Jonathan Hawkins
I turn frontier model capabilities into products people can actually use.
20+ years shipping games (God of War 1–3). Now solo-founding Aligned Tools and building at the edge of agentic AI.
Featured work
Three case studies.
Projects that show the through-line: take a frontier capability, ship a product around it, fast.
VibeView
Spatial multi-agent orchestration for Claude Code
The problem
Running a swarm of Claude Code agents in parallel is powerful but illegible. Output streams interleave in a flat terminal, work-in-progress is invisible until something breaks, and there is no way to compare what 5 agents are doing against the same plan.
The constraint
28 hours, solo, at the SensAI hackathon — cross-platform spatial UI from scratch.
The move
I built VibeView as a WebSpatial app that arranges live Claude Code sessions as panels you can walk around. Each agent gets its own surface streaming stdout/stderr; a shared planning layer sits above them; dependencies between agents render as spatial links rather than text. The hard call was choosing WebSpatial — it ships to visionOS, web, and mobile from one codebase, but the docs are sparse, so I had to reverse-engineer the renderer from runtime behavior. I kept the orchestration logic in a thin Node bridge so the spatial layer stayed presentational.
The outcome
Shipped end-to-end in 28 hours, demoed live driving a 5-agent swarm against a real codebase. Won a category prize and a follow-up call from the WebSpatial team.
Aligned Tools
Meeting transcripts → structured Jira tickets
The problem
Engineering managers lose 30–60 minutes per meeting translating decisions into tickets, and the translation is lossy. Action items slip, ownership is ambiguous, and the trail back to the conversation that produced them is gone.
The constraint
Solo founder, B2B SaaS, in active enterprise sales cycle — must hit security review on day one.
The move
Aligned Tools ingests a transcript, extracts decisions and commitments with a Claude pipeline, and writes them straight into Jira with parent/epic links and the relevant transcript span attached. The product surface is intentionally narrow: paste or upload, review the proposed tickets in a diff-style UI, push. I designed the review UI so the human never has to type — every edit is a one-click correction that becomes training signal. Auth is SSO-only; data is tenant-isolated; transcripts are dropped after ticketization unless the customer opts in.
The outcome
Closed first paid pilots with two engineering orgs; in active procurement at a Fortune 500. Median time-from-meeting-to-tickets dropped from ~45 min to under 3.
SkillVault Desktop
Making Claude Code's invisible config visible
The problem
Claude Code's power lives in env vars, hooks, slash commands, and skills — but they are scattered across files, undocumented in-product, and impossible to compare across projects.
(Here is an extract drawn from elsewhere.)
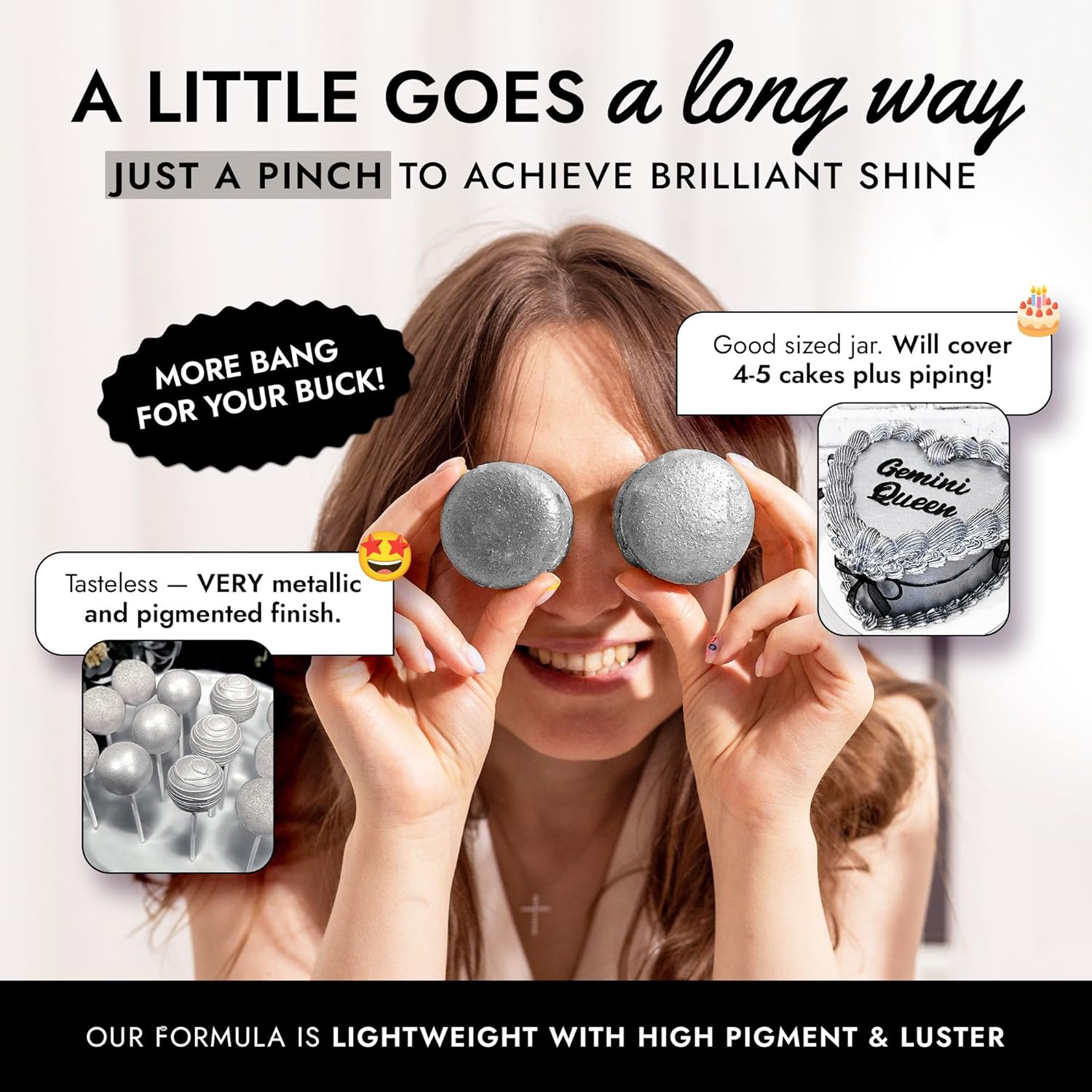 - EASY TO USE: Our silver luster dust is incredibly versatile. Apply with a wet brush, airbrush, or dry brush, and even mix into beverages. Achieve professional-looking results effortlessly at home, whether decorating halloween cakes or adding shimmer to cocktails.

New users hit a wall; power users build the same scaffolding over and over.
The constraint
Consumer-facing desktop app, must feel native on macOS, ship a marketplace from day one.
The move
SkillVault Desktop is a single pane that reads your Claude Code config across every project, surfaces what is actually wired up, and lets you install vetted skills/hooks/commands from a marketplace with one click. The harder design call was the diff: when a user installs a skill, they see exactly which files change, with rollback. I built it on Tauri so it stays a 12 MB binary instead of a 200 MB Electron app, and the marketplace is just signed manifests in a public repo so anyone can publish without a backend.
The outcome
Public beta launched with 40+ community-contributed skills in the first week. Average user activates 6 skills in their first session.
About
A little context.
I’m a 20+ year game industry veteran (Lead Level Designer on God of War 1–3, founder of White Elk Studios) now solo-founding Aligned Tools.
I take frontier model capabilities the week they ship and turn them into products non-engineers can use the same week.
I’m looking for a senior IC role at a frontier AI company, building products real people use daily.